NFU president Peter Kendall to stand down in February

PETER Kendall has confirmed his intention to step down as NFU leader in February, after eight years as president of the UK’s biggest farming union.

With nominations for elections to the three main NFU officeholder positions open this week, Mr Kendall informed the NFU council, gathered at the NFU’s Warwickshire headquarters on Monday, of his intentions to stand aside.

The announcement formally opens the race to become the next leader of the NFU, with Mr Kendall’s deputy of the past eight years, Meurig Raymond, likely to start as the front-runner, with vice president Adam Quinney another possible contender.

Mr Kendall said it had been a ‘huge privilege’ to serve as NFU president for the past eight years and said would be leaving the NFU in ‘excellent shape’.

“Sir John Beddington’s foresight report and three global food price spikes has meant that agriculture’s importance is being increasingly recognised,” said Mr Kendall.

“And there is still much work to do in many areas. I have always planned for this to be my final term in office but I will be leaving the NFU in excellent shape.

“To be President of the NFU is a huge privilege and I have been extremely fortunate to be part of a great team at the NFU working alongside very able and committed officeholders. I have been supported by the most fantastic, professional NFU staff. The breadth of knowledge, commitment and expertise available to NFU members is unsurpassed in the farming industry – and that has always made me immensely proud.

He said there was a ‘wealth of talent and experience out there among NFU members’ and that he looked forward to next year’s elections.

Mr Kendall’s decision comes as no surprise. After being re-elected in 2012, he indicated his intention to make his current and fourth two-year term his last but only confirmed his decision in public on Monday, after informing the NFU’s ruling body.

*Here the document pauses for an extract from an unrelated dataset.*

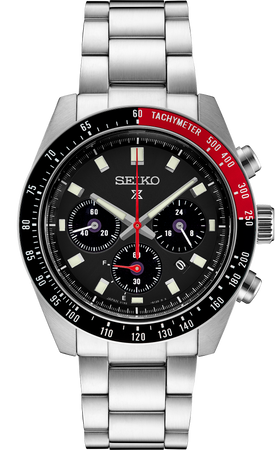 Cronógrafo Solar Prospex Speedtimer. Diseñado para quienes tratan la vida como la máxima aventura, Seiko Prospex sigue avanzando, superando cada desafío con excelencia tecnológica y un diseño ganador. Este reloj resistente y elegante forma parte de una colección de alta intensidad inspirada en el “Speedtimer” de 1969, el primer cronógrafo automático del mundo. Rindiendo homenaje al icónico original con su bisel taquimétrico de aluminio en dos tonos, negro y rojo, e índices de segundos colocados en el anillo de la esfera para una esfera más limpia y clara, este reloj excepcional ofrece un mayor énfasis en la usabilidad, legibilidad y visibilidad al agregar manecillas e índices LumiBrite, un tamaño de caja ligeramente más grande y un brazalete cónico de tres eslabones. La función de cronógrafo mide hasta 60 minutos de tiempo transcurrido en incrementos de 1/5 de segundo e incluye una función de tiempo dividido, mientras que la célula solar, alimentada por cualquier fuente luminosa, sin necesidad de cambio de batería, proporciona una reserva de marcha de 6 meses cuando está completamente cargada. La carátula negra, con un acabado brillante con efecto rayos de sol, cuenta con tres subcarátulas negras, con indicador de 24 horas e indicador de reserva de marcha, así como un calendario de fecha y una manecilla de cronógrafo roja. Elaborado en acero inoxidable, con un cristal de zafiro antirreflectante curvado, fondo de caja atornillado de forma segura y cierre de botón de apertura triple. Resistente al agua hasta 10 bares, 100 metros.
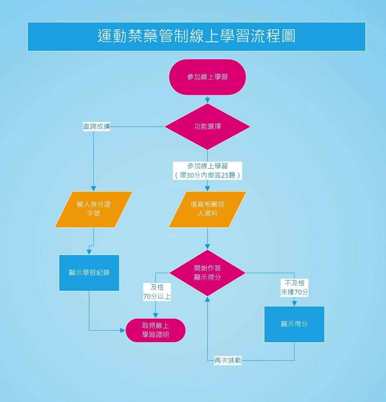 教育部體育署針對需要通過線上學習平台測驗才能報名的賽會為「113年全民運動會(目前為參加第一類競賽種類之運動員)」及「114年」起教育部體育署主辦之中等以上學校全國性運動賽會(包括全國中等學校運動會、全國大專校院運動會及各項學生運動聯賽)之參賽運動員。

Mr Kendall decided to stand for a fourth term, having considered quitting after six years, because of what he described as ‘unfinished business’ on bovine TB and Common Agricultural Policy (CAP), issues still dominating the NFU agenda today.

Mr Kendall, who farms 620 hectares of combinable crops in East Bedfordshire, in partnership with his brother, became NFU president in 2006, after challenging and defeating incumbent president Tim Bennett. Previously he had served for a short time as Mr Bennett’s deputy, having chaired the NFU’s cereals committee.

He has presided over some key industry events, including the 2007 foot-and-mouth and bluetongue outbreaks, reform of the CAP, last year’s SOS Dairy campaign and the recent badger cull pilots.

The last few months have been particularly tumultuous, as Mr Kendall has clashed with Defra Secretary Owen Paterson over implementation of CAP reform in England and become a focal point of the protest movement against badger culling.

He revealed in the High Court in August how he and his family had been targeted directly by protestors, as the NFU successfully obtained an injunction against protestors ahead of the pilot badger culls.

Outspoken and an excellent communicator on public platforms and in the media, he has generally managed to achieve the balance of robust promotion of farming’s agenda, while retaining the respect of the political establishment and the food chain. His goal from the start, he said, was to promote farming in a positive light, as part of the solution to domestic and global food and environmental problems, rather than part of the problem.

His leadership style and policies have brought criticism from some farmers, inside and outside the NFU, while his vocal support for controversial policies like the badger cull, GM crops and large-scale farms have earned him lots of critics outside farming.

But he is widely seen, even by his farming critics, as a strong leader of the NFU who will be a tough act to follow.

Mr Kendall will continue as NFU president until the end of February.  

However, the battle for the top spot at the NFU and the other two officeholder positions will begin in earnest this week.

The race for the NFU leadership

  • The elections for the three main NFU officeholder positions will take place on the second day of the NFU 2014 annual conference, in Birmingham, on February 26.
  • The NFU council will vote to elect the three officeholders.
  • Nominations for the posts of president, deputy president and vice president can now be taken.
  • All full farmer and grower members are eligible to stand.  
  • Hustings will be held in the week commencing 27 January 2014. Further hustings dates may be arranged if required.
  • All nominations must be received by Wednesday 15 January at the latest.